There is no statutory regulation regarding the specific timing of concluding an NDA in Poland. However, it is good practice to sign NDAs at an early stage of cooperation.

In the case of transactions, NDAs should be signed prior to the disclosure of any information and before signing a letter of intent. For employment, NDAs are usually part of the onboarding process and are signed together with the employment contract.

Is a confidentiality clause binding in Poland after expiry of the main contract?

The duration of a confidentiality clause should always be expressly agreed upon between the parties. As a general rule, such a clause expires along with the main contract.

However, depending on the circumstances and content/objectives of the agreement, the court may decide otherwise. To avoid any doubt, the duration and further binding force of the confidentiality obligation should always be expressly stipulated in the contract.

Is a foreign NDA enforceable in Poland?

The enforceability of a foreign non disclosure agreement in Poland depends primarily on the agreed jurisdiction of the court or arbitration clause. Judgments of EU courts are automatically enforceable in Poland, while judgments from other non-EU courts may require recognition if there is no bilateral agreement or other facilitating treaty.

It is recommended to consult with a Polish litigation attorney to ascertain the enforceability of a foreign NDA in Poland. If the parties did not agree on the jurisdiction of a particular court, it is usually possible to sue and enforce the non disclosure agreement if the infringing party is located or lives in Poland, or if the infringement took place in the territory of Poland.

Benefits of concluding NDA
Enhancing trust and legal security: The advantages of a confidentiality agreement as a legal agreement for proprietary information

Can I use my foreign template of NDA in Poland?

Most probably, yes. However, ensure that the definition of confidential information is precise, include penalties in the contract, and verify with a Polish attorney if the selected law and jurisdiction will allow immediate enforceability of the agreement in Poland.

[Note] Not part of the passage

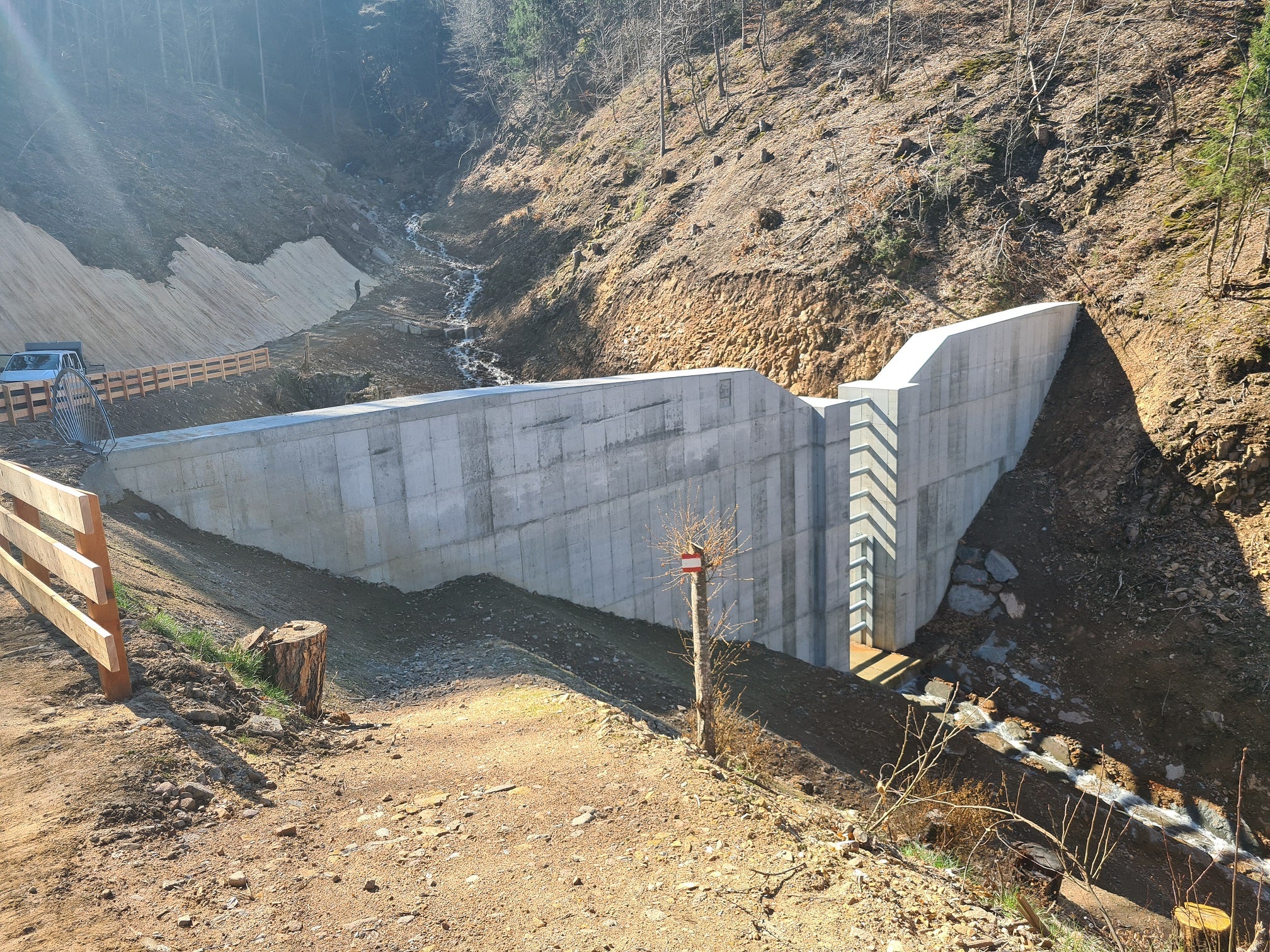 È previsto il rinnovo della briglia di trattenuta esistente nel tratto intermedio. Nel tratto inferiore, nell'inverno 2023/2024 il gruppo guidato dal caposquadra Helfer ha già costruito un'altra briglia di trattenuta.

What are the benefits of concluding NDA?

NDAs offer several benefits, including:

  1. Increased legal protection of the confidential information.
  2. Increased trust and nature of relationship.
  3. Provides clearly what information are valuable and protected.
  4. Provides safe channels and procedures of information exchange.
  5. Provides clear sanctions for infringements.
  6. Secures and expedites process of enforceability if case of infringements.